- The Washington Times - Thursday, June 22, 2006

Meal-assembly stores, which only two years ago were an unknown concept of preparing meals in a store, throwing them in the freezer and cooking them later, are now opening almost monthly in the D.C. area.

Among the 10 chains operating in the D.C. area, 19 stores have opened since late 2004, and 14 more are scheduled to open by the fall.

Store owners and industry analysts say the concept’s growth has been spurred by new concerns about healthy eating, families’ busy lifestyles and recent studies suggesting that children who eat dinner with their families do better in school.

“The lifestyle people lead, especially in the D.C. metro area, demand this kind of a service,” said Jennifer Thorp-Hemann, owner of the Dream Dinners store in Rockville, where the menu includes dishes such as dijon and black pepper flank steak and apricot-glazed pork chops with corn fritters.

“Everyone works hard, they have kids in many activities, the commute times are long. On top of that, people still want the best things for their families.”

Nearly 300 companies — all with quirky monikers playing off the words “dinner,” “supper” or “thyme” — have opened 775 meal-assembly stores throughout the country since Dream Dinners opened the first in Washington state in 2002, according to the Easy Meal Prep Association, a Cheyenne, Wyo., trade group.

Nationwide, meal-assembly stores are expected to open at a rate of more than one per day, and revenue is expected to more than double to $270 million this year, according to the trade group. The industry is expected to pull in $1.1 billion by 2010.

Some parents say dinner — because it’s after a long day of children’s activities — is one of the biggest obstacles of the day.

“I’ve been in the car [driving to Tae-kwon-do and swimming lessons] since 4, and now it’s 7, and I’ve got nothing for dinner,” Beth Collins of Gaithersburg said of why she assembled meals at Thyme Out in Gaithersburg earlier this month.

That night, she heated up frozen spaghetti for her family before going to Thyme Out, where she and a group of friends assembled meals such as nacho chicken crunch with tomato black bean rice during a private party.

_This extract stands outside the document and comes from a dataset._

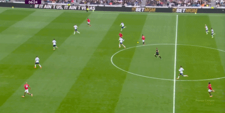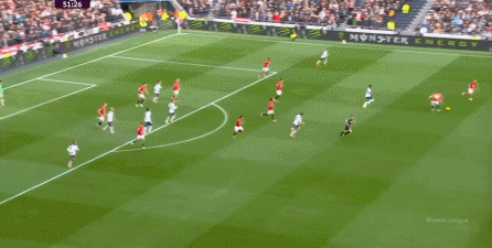 虽然曼联在进攻端的布置在理论上稍有问题,库尼亚和阿玛德-迪亚洛在各自位置上的表现不足很清晰,导致上半场的反制能力没能拔到理论上的最高值,但曼联还是先进一球,而且线路上恰好是右路的阿玛德-迪亚洛传给左路的姆贝乌莫:

At Thyme Out, like at the other meal-assembly stores, customers assemble the meals’ ingredients in the store and put them in the freezer at home. When they’re ready to cook the meals, they defrost the ingredients and bake, boil or broil them.

All of the stores say their clientele ranges from busy parents to cooking-fatigued empty nesters to cooking-averse singles, but all cater to families with a pricing system of six servings of eight or 12 different meals for about $160 or $210, respectively.

The No. 1 client is the “guilty, busy parent,” said Ron Paul, president of Technomic Inc., a Chicago food industry consulting company. “It’s ‘look, I did cook for you, even if I did have some help.’”

For now, local meal-assembly stores — including Dream Dinners, Super Suppers, Let’s Eat, Easy Dinners, Dinner Done, Dinner My Way, Dishing Up Dinner and Meal Makers — are concentrated in the suburbs but starting to inch closer to the District.

Let’s Dish, the biggest player in the Washington area and the first to open locally, opened the first meal-assembly store inside the Capital Beltway just last month and is looking at a D.C. location by the end of 2007, said Alexa Corcoran, co-owner of the seven Let’s Dish stores in the Washington area.

Despite the industry’s quick growth, its members say they’re selling more than a fad.

“I see it as a trend with staying power, said Judie Byrd, founder of the Super Suppers chain. “Feeding your families is not a passing trend.”

Mrs. Byrd, whose chain operates a Mount Airy, Md., store with plans to open six more in the area, said the meal-assembly-store boom is peaking at the right time.

“I don’t know if 10 years ago or 15 years ago it would have worked,” Mrs. Byrd said. “Moms weren’t yet desperate.”

Others aren’t so sure about the industry’s staying power.

“There’s a lot going for it, but is there going to be a wear-off factor and if so, when in the future?” Mr. Paul said. “It is still frozen food when all is said and done.”

Mr. Paul said the industry is taking a small, immeasurable nibble out of restaurant and grocery store sales.

“It’s a substitute for buying a frozen meal at the grocery store … or running to Applebee’s,” he said. “It’s so small, it’s not significant in terms of injuring the retail side or restaurant side.”